- TASK REQUIREMENTS
Look in the data below for the line that has "Есть небольшие загрязнения", then print exactly every line from there through the line that has "Keywords: red white", leaving pictures out.

++++ DATA FOR THE TASK

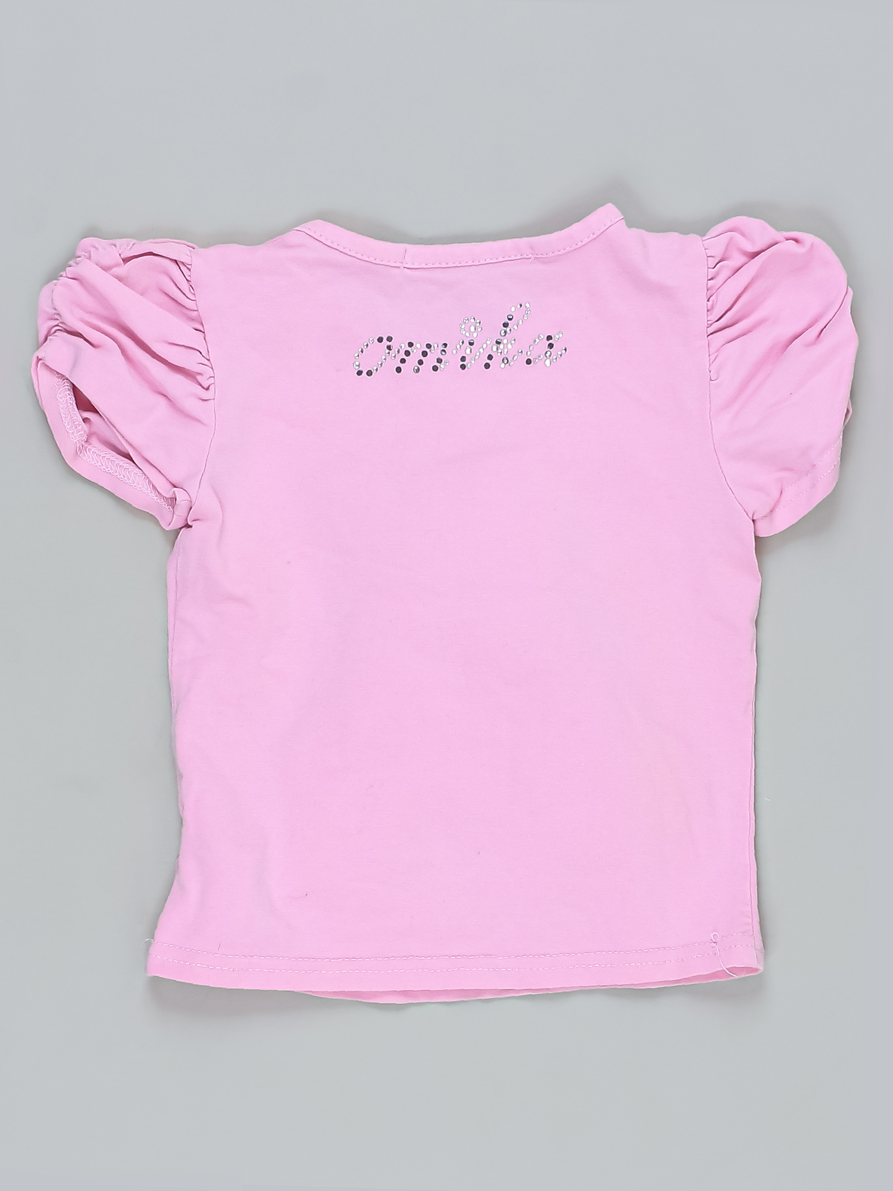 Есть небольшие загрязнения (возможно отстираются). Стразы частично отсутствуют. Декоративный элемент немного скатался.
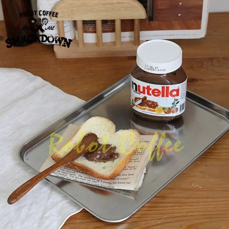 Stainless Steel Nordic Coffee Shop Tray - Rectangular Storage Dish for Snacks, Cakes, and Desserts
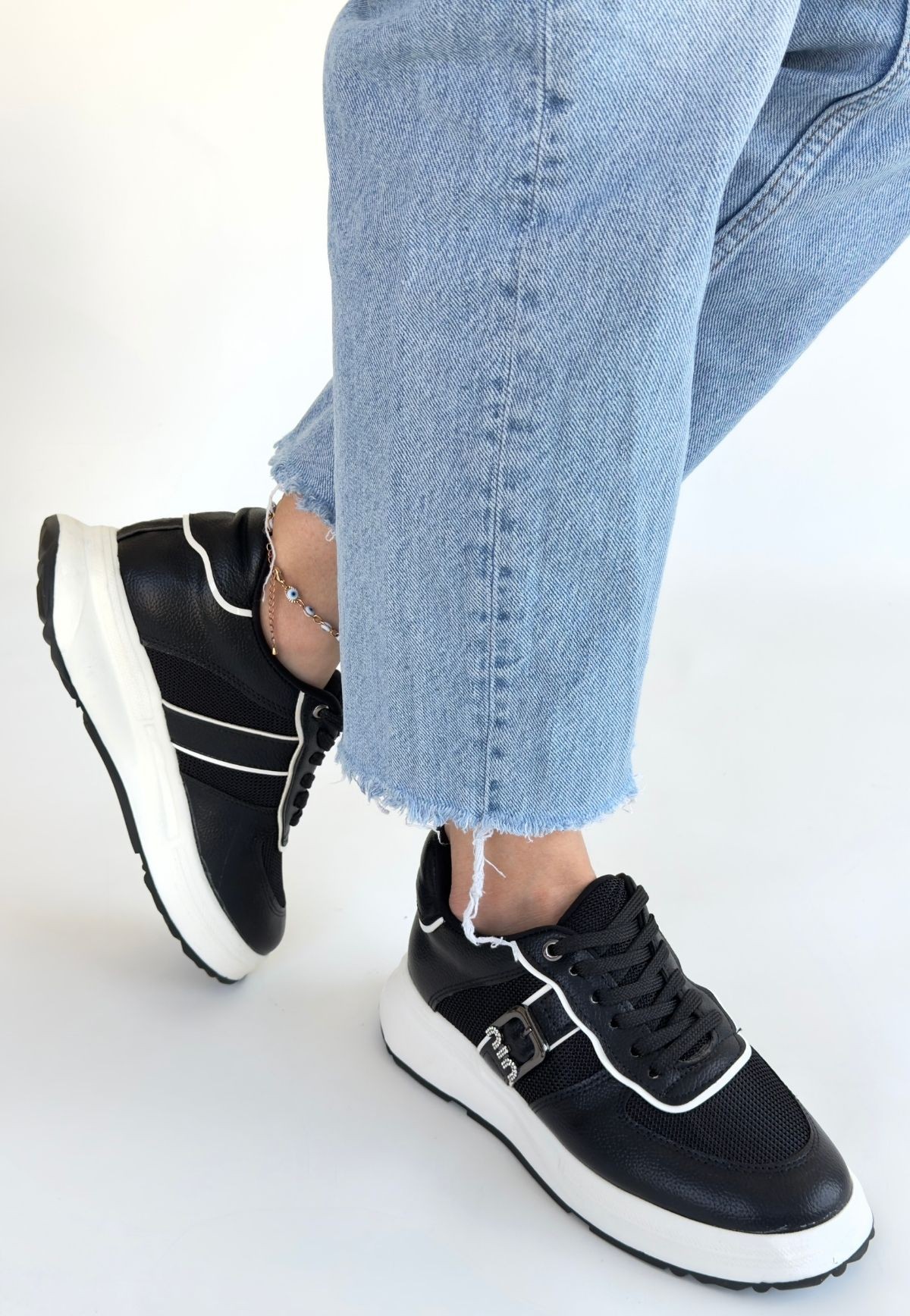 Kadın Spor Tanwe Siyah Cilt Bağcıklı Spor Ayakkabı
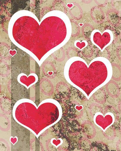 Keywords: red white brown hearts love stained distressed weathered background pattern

++++++++
++++ DATA FOR THE TASK

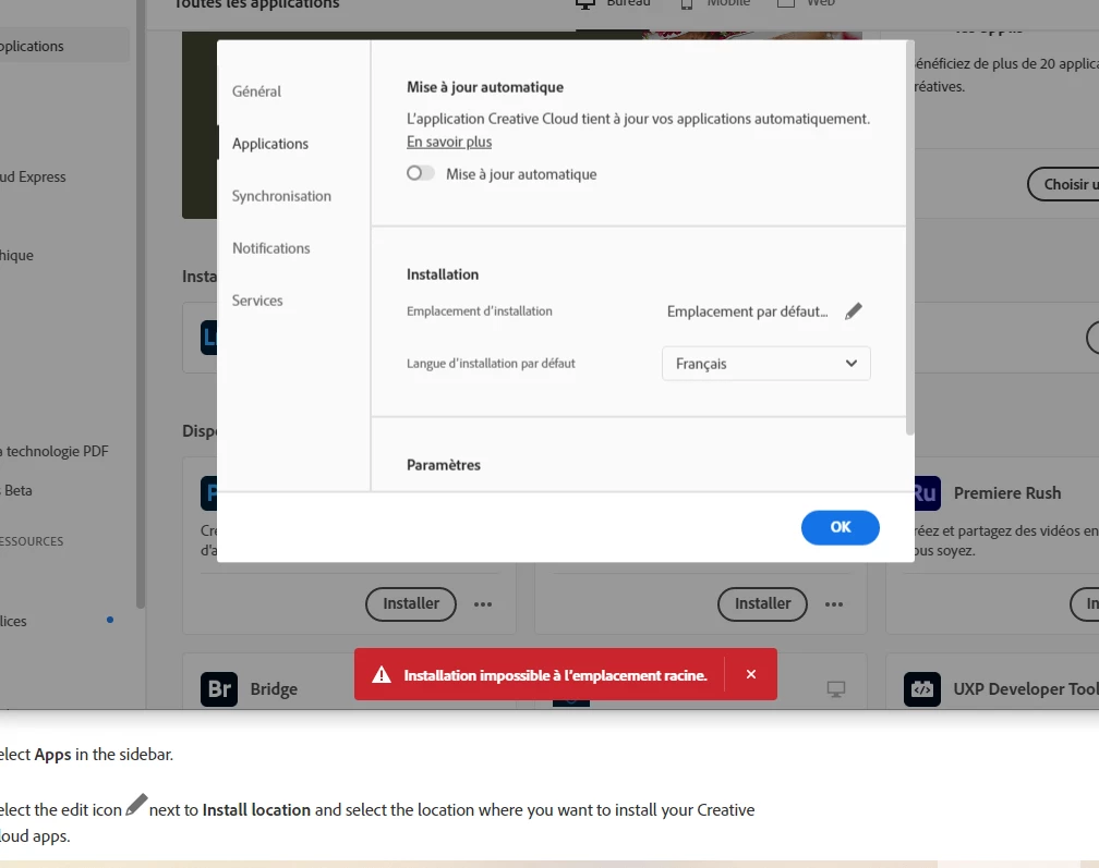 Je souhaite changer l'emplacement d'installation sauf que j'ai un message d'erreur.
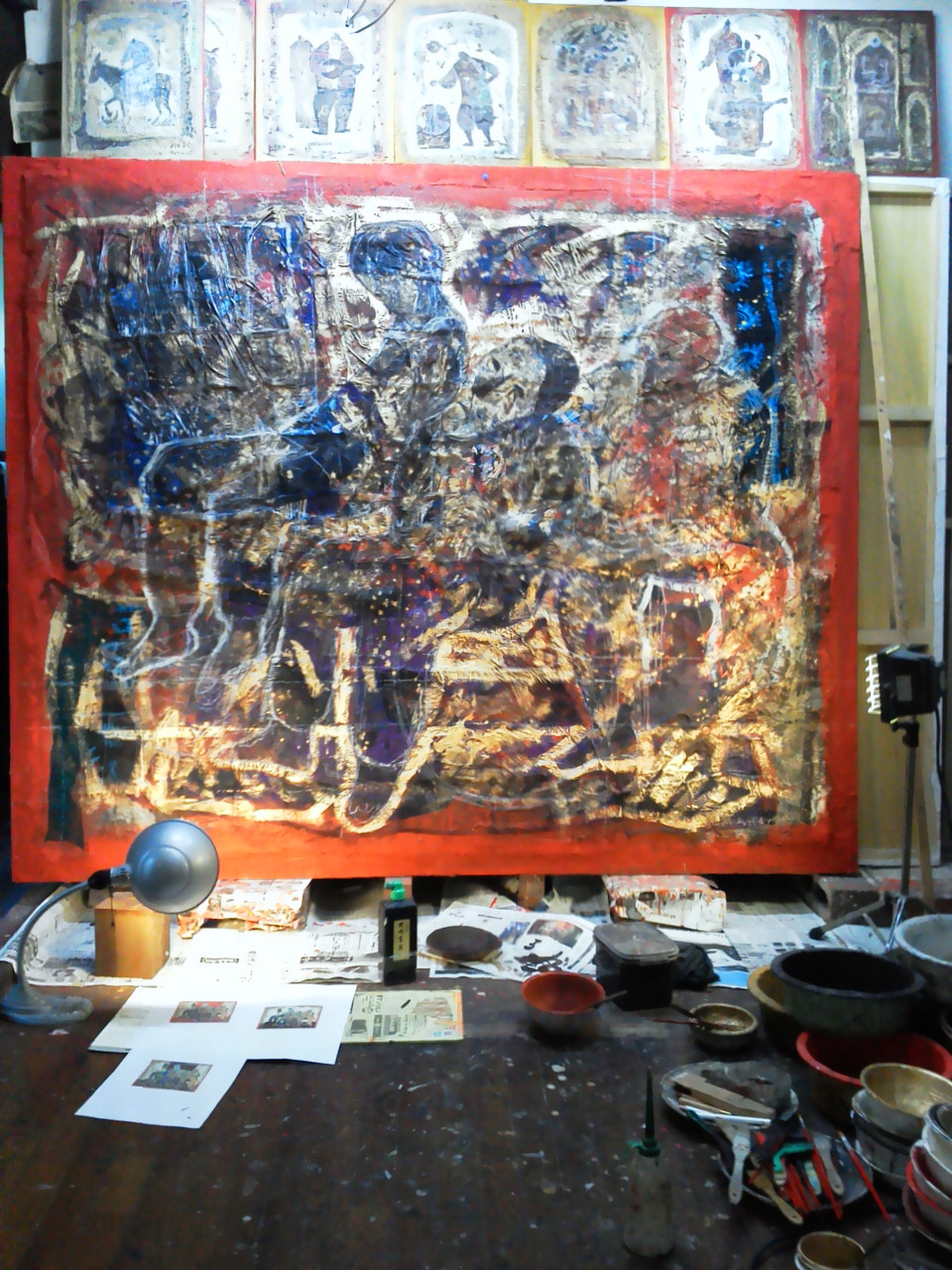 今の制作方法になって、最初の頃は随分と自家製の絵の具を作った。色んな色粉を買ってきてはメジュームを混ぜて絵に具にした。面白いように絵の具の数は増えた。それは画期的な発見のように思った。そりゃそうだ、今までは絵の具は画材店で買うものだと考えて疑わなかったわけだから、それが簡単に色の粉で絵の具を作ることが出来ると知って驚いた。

++++++++

- OUTPUT OF THE TASK
 Есть небольшие загрязнения (возможно отстираются). Стразы частично отсутствуют. Декоративный элемент немного скатался.
 Stainless Steel Nordic Coffee Shop Tray - Rectangular Storage Dish for Snacks, Cakes, and Desserts
 Kadın Spor Tanwe Siyah Cilt Bağcıklı Spor Ayakkabı
 Keywords: red white brown hearts love stained distressed weathered background pattern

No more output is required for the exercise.